- How to complete this task
In the listing below, find the line that contains "スタンダード ラックス 表参道店)" and the line that contains "Good Times Roll". Quote both and every line between them, exactly, and nothing more.

- Data to examine
####################
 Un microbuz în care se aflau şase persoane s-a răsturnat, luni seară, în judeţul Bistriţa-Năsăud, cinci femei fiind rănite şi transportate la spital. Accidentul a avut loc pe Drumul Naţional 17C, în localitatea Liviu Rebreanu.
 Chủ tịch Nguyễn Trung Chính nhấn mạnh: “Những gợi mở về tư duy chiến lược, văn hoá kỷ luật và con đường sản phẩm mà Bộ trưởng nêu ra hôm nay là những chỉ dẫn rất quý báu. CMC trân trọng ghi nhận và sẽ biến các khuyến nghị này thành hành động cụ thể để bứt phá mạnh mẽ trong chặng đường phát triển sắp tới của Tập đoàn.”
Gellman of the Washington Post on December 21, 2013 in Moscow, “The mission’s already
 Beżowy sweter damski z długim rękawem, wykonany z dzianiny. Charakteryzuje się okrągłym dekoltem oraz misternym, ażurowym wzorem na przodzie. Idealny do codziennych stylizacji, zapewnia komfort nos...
####################
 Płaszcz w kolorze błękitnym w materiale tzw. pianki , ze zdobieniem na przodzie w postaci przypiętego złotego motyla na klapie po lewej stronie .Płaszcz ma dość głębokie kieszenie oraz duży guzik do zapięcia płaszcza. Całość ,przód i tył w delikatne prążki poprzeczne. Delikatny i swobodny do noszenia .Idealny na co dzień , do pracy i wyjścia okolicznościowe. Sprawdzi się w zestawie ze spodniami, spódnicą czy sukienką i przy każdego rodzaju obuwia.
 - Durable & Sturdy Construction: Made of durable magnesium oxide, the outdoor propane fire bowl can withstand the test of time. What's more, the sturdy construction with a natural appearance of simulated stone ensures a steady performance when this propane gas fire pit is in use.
####################
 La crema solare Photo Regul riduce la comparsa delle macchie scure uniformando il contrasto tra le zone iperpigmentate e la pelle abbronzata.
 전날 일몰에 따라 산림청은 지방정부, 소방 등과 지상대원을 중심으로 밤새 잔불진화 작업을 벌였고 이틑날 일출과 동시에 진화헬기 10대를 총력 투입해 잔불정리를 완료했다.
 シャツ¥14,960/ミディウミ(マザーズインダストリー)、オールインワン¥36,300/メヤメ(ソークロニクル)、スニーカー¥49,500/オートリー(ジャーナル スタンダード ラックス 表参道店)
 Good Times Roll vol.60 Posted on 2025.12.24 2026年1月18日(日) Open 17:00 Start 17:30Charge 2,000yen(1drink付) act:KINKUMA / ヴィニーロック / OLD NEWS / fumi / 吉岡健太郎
####################
- Final answer
 シャツ¥14,960/ミディウミ(マザーズインダストリー)、オールインワン¥36,300/メヤメ(ソークロニクル)、スニーカー¥49,500/オートリー(ジャーナル スタンダード ラックス 表参道店)
 Good Times Roll vol.60 Posted on 2025.12.24 2026年1月18日(日) Open 17:00 Start 17:30Charge 2,000yen(1drink付) act:KINKUMA / ヴィニーロック / OLD NEWS / fumi / 吉岡健太郎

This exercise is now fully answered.